WF-02: Beyond First-order Optimization Methods for Machine Learning – Part I
Stream: Advances in mathematical optimization for machine learning
Chair(s): Fred Roosta, Albert Berahas
Sequential Quadratic Optimization for Nonlinear Equality Constrained Stochastic Optimization
Albert Berahas, Frank E. Curtis
Stochastic gradient and related methods for solving unconstrained stochastic optimization problems have been studied extensively in recent years. However, settings with general nonlinear constraints have received less attention, and many of the proposed methods resort to using penalty or Lagrangian methods, which are often not the most effective strategies. In this work, we propose and analyze stochastic optimization methods based on the sequential quadratic optimization methodology. We discuss advantages and disadvantages of our approaches. Collaborators: F. E. Curtis, D. Robinson & B. Zhou.
Stochastic Polyak Step-size for SGD: An Adaptive Learning Rate for Fast Convergence
We propose a stochastic variant of the classical Polyak step-size (Polyak, 1987) commonly used in the subgradient method. Although computing the Polyak step-size requires knowledge of the optimal function values, this information is readily available for typical modern machine learning applications. Consequently, the proposed stochastic Polyak step-size (SPS) is an attractive choice for setting the learning rate for stochastic gradient descent (SGD). We provide theoretical convergence guarantees for SGD with SPS in different settings, including strongly convex, convex and non-convex functions.

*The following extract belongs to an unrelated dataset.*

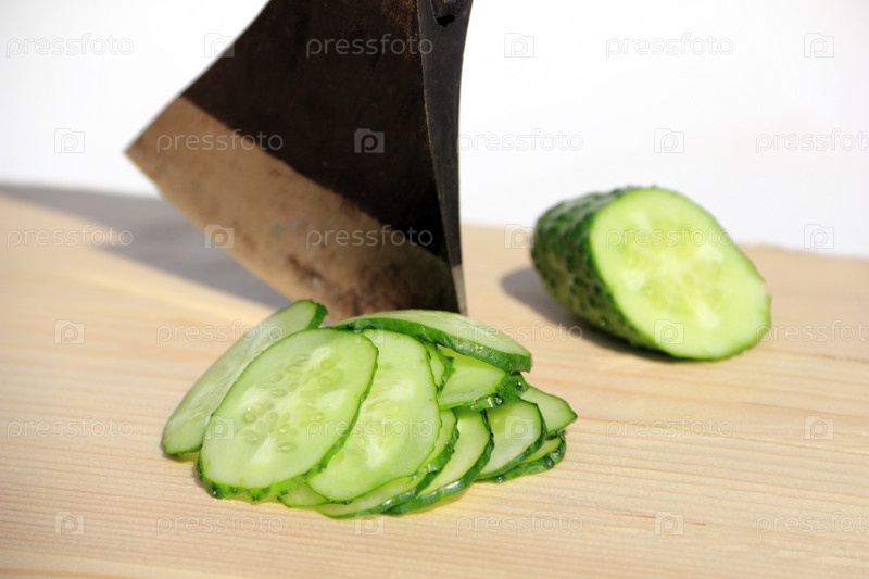 Топор и свежий огурец, нарезанный ломтиками

Systematic Second-order Methods for Training, Designing, and Deploying Neural Networks
Finding the right Neural Network model and training it for a new task requires considerable expertise and extensive computational resources. Moreover, the process often includes ad-hoc rules that do not generalize to different application domains. These issues have limited the applicability and usefulness of DNN models, especially for new learning tasks. This problem is becoming more acute, as datasets and models grow larger, which increases training time, making random/brute force search approaches quickly untenable. In large part, this situation is due to the first-order stochastic gradient
Distributed Learning of Deep Neural Networks using Independent Subnet Training
We propose a new approach to distributed neural network learning, called independent subnet training (IST). In IST, a neural network is decomposed into a set of subnetworks of the same depth as the original network, each of which is trained locally, before the various subnets are exchanged and the process is repeated. IST training has many advantages over standard data parallel approaches. We show experimentally that IST results in training time that are much lower than data parallel approaches to distributed learning.